▶ [How to complete this task] Only the lines from the beginning of the listing below through the line with "Gitawag sa aktres" belong in the answer; please print them exactly and drop the pictures.

▶ [Supplied information]
== Segment start ==

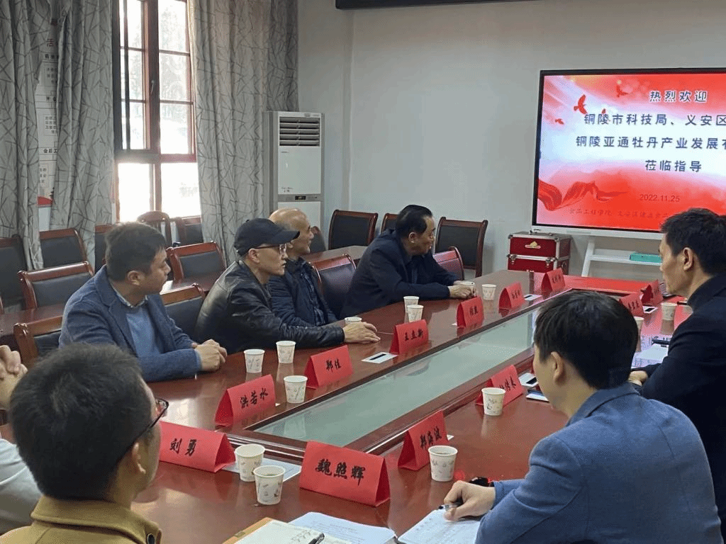 为进一步深化校企合作,提升产教融合,实现优势互补,结合省级科技特派团工作指导,11月25日,铜陵市科技局调研员张燕、义安区科技局副局长王立新、义安区科技局农村与社会发展科科长郑佳、铜陵亚通牡丹产业发展有限公司董事长孙后田一行赴我校食品工程学院进行交流指导,食品工程学院党委书记付光玺、副院长翟立公、副院长郑海波、研究生党支部书记桑宏庆、义安区健康食品产业(凤丹)科技特派团”团长杨剑婷及团员魏照辉、刘勇等相关老师热情接待并进行交流座谈,双方随后隆重举行义安区健康食品产业(凤丹)科技特派团签约及揭牌仪式。
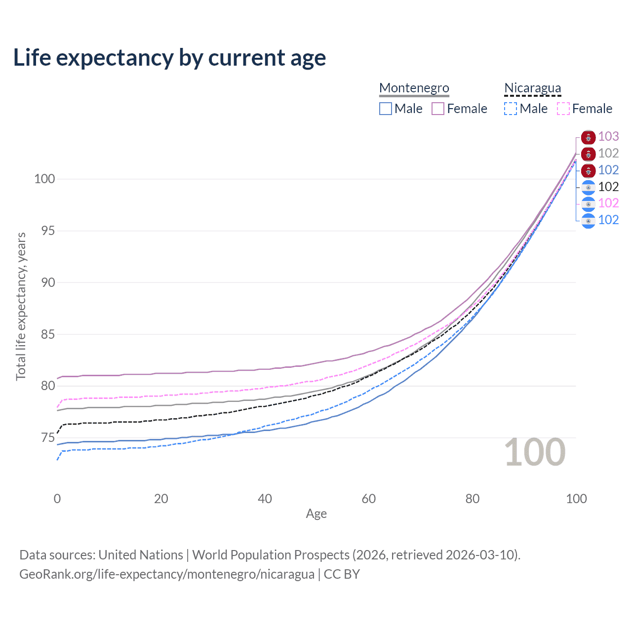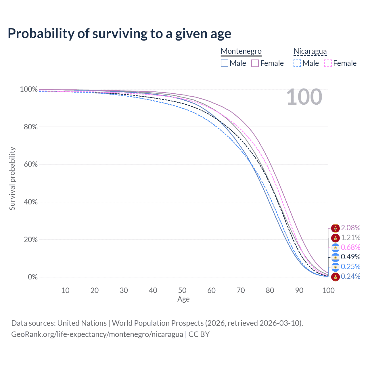 This life expectancy calculator shows the odds of living to 100, 95, 90, and below based on current age for both males and females in Montenegro and Nicaragua, along with mean and median age of death. The calculations are based on the 2026 life tables (actuarial tables) from the UN World Population Prospects.
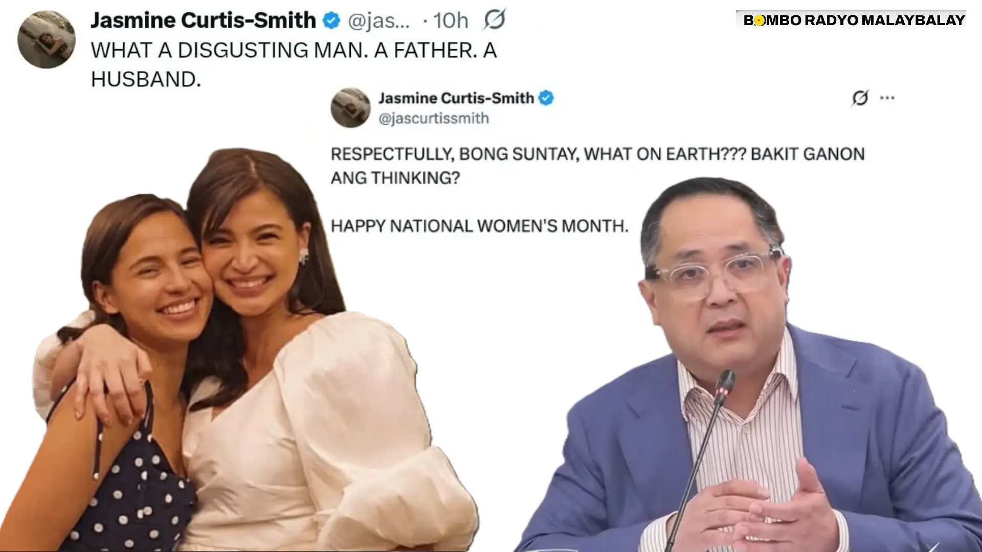 Gitawag sa aktres nga Jasmine Curtis‑Smith si Quezon City 4th District Rep. Jesus “Bong” Suntay nga “disgusting man” human sa kontrobersyal niini nga pamahayag kabahin sa igsoon niini nga si Anne Curtis.
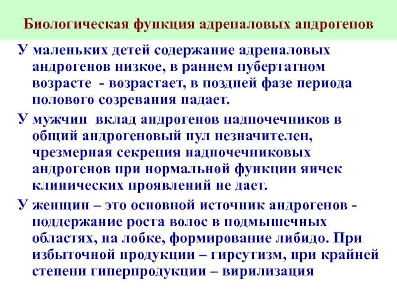 У женщин – это основной источник андрогенов - поддержание роста волос в подмышечных областях, на лобке, формирование либидо. При избыточной продукции – гирсутизм, при крайней степени гиперпродукции – вирилизация
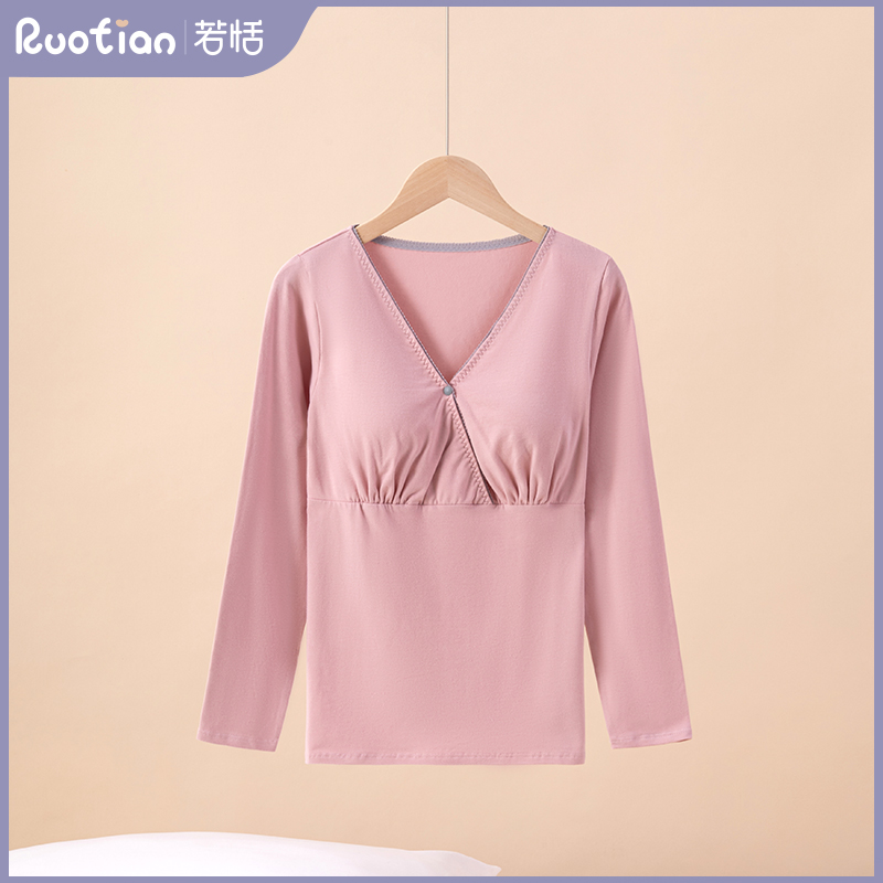 纯棉哺乳上衣产后喂奶衣打底衫月子服单件孕妇睡衣夏X季薄款春秋
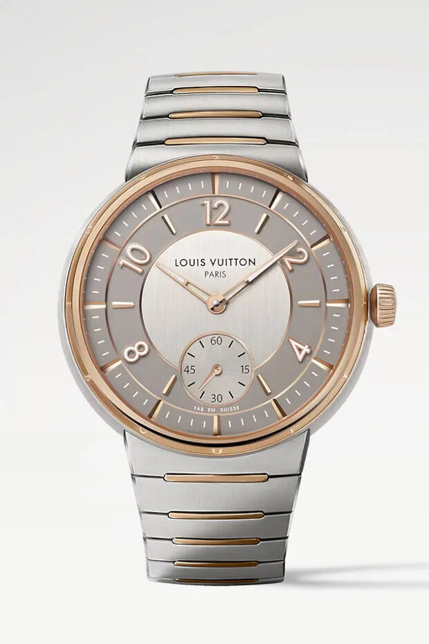 2023년 새롭게 단장한 루이 비통의 땅부르 컬렉션은 스틸과 18캐럿 로즈 골드를 조합한 투톤 모델로, 화이트의 손목에서 존재감을 드러냈다.
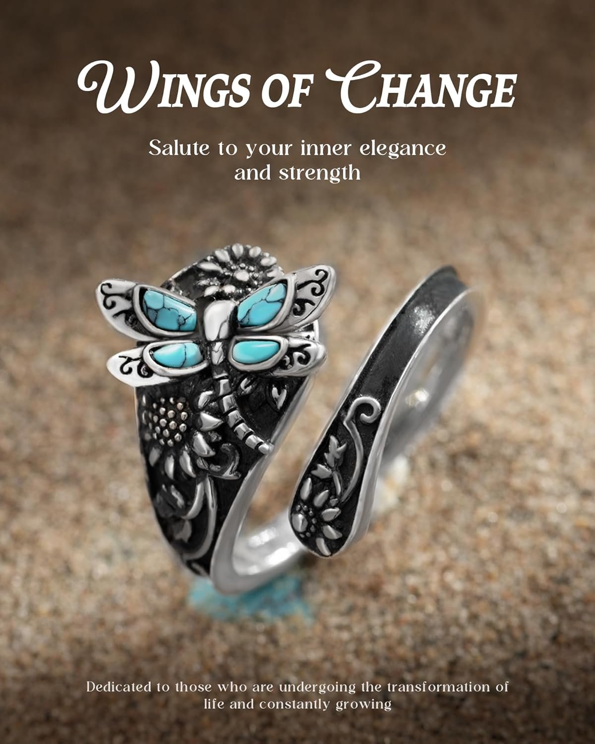 Customers love the ring’s beauty, particularly its turquoise and dragonfly design, and appreciate its quality and adjustable size. The ring fits well and is easy to adjust for different fingers. While some customers find it not flimsy and durable, others report it breaking in the middle and stones falling out after wearing a few times. The size receives mixed feedback, with some finding it petite while others say it’s smaller than expected.
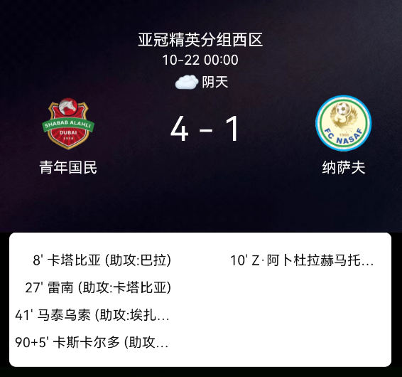 北京时间10月22日,亚足联冠军精英联赛第3轮,迪拜青年国民迎战纳萨夫。第8分钟,卡塔维亚破门,迪拜1-0;第10分钟,阿卜杜拉赫马托夫破门,纳萨夫1-1;第21分钟,纳萨夫球员吃黄;第27分钟,雷南破门,迪拜2-1;第41分钟,马特乌桑破门,迪拜3-1;第90+5分钟,布雷诺-莱莫斯破门,迪拜4-1。最终比分,迪拜青年国民4-1纳萨夫。
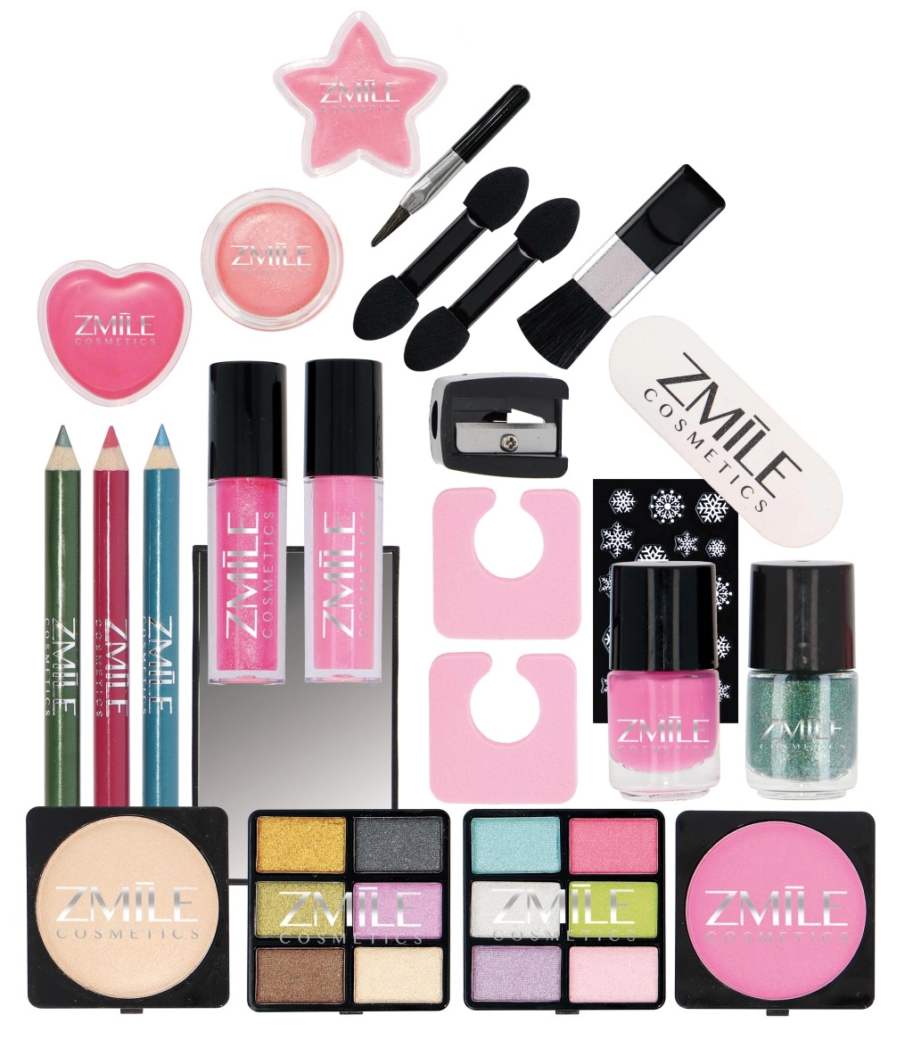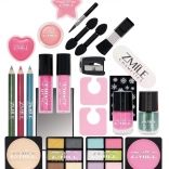 - lesky na rty, tvářenka, oční stíny, konturovací tužky na oči a rty, ořezávátko, separátor na nehty, pilník, aplikátory očních stínů, štěteček, laky na nehty, samolepky na nehty
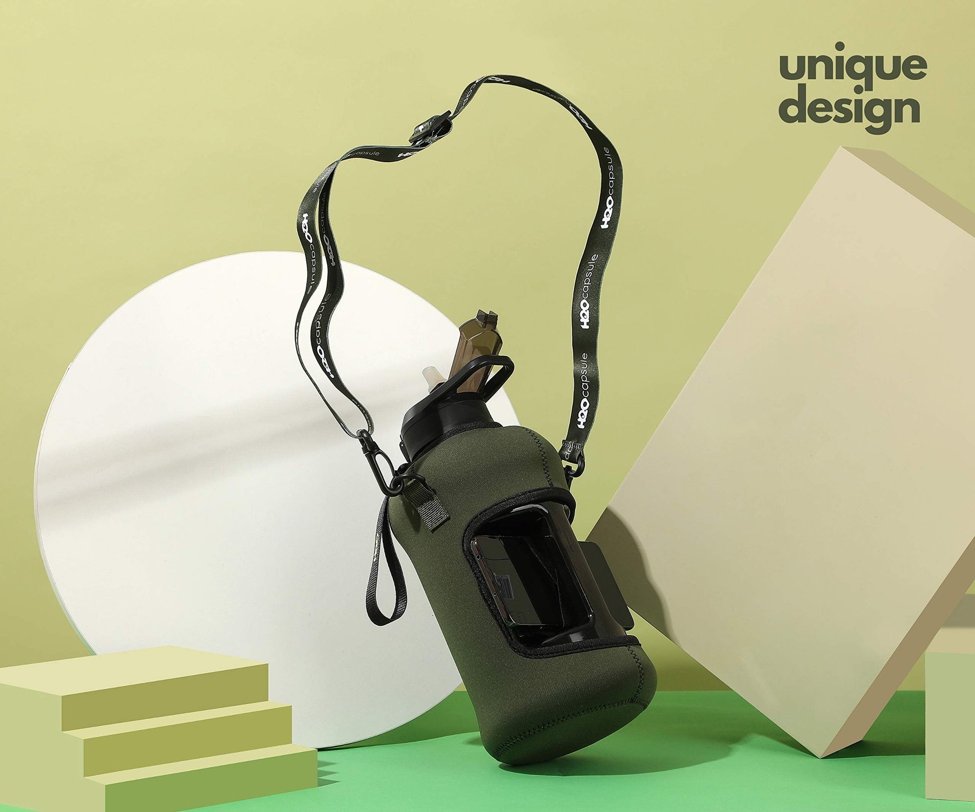 - BUILT FOR GYM LIFE: No more wrestling with your keys, or leaving your phone on the dirty gym floor. The H2O Capsule is the only sports water bottle with a protective sleeve that doubles as handy storage! Hold your phone, keys and cards while you work out and look good doing it.

== Segment end ==

▶ [Finished exercise]
 为进一步深化校企合作,提升产教融合,实现优势互补,结合省级科技特派团工作指导,11月25日,铜陵市科技局调研员张燕、义安区科技局副局长王立新、义安区科技局农村与社会发展科科长郑佳、铜陵亚通牡丹产业发展有限公司董事长孙后田一行赴我校食品工程学院进行交流指导,食品工程学院党委书记付光玺、副院长翟立公、副院长郑海波、研究生党支部书记桑宏庆、义安区健康食品产业(凤丹)科技特派团”团长杨剑婷及团员魏照辉、刘勇等相关老师热情接待并进行交流座谈,双方随后隆重举行义安区健康食品产业(凤丹)科技特派团签约及揭牌仪式。
 This life expectancy calculator shows the odds of living to 100, 95, 90, and below based on current age for both males and females in Montenegro and Nicaragua, along with mean and median age of death. The calculations are based on the 2026 life tables (actuarial tables) from the UN World Population Prospects.
 Gitawag sa aktres nga Jasmine Curtis‑Smith si Quezon City 4th District Rep. Jesus “Bong” Suntay nga “disgusting man” human sa kontrobersyal niini nga pamahayag kabahin sa igsoon niini nga si Anne Curtis.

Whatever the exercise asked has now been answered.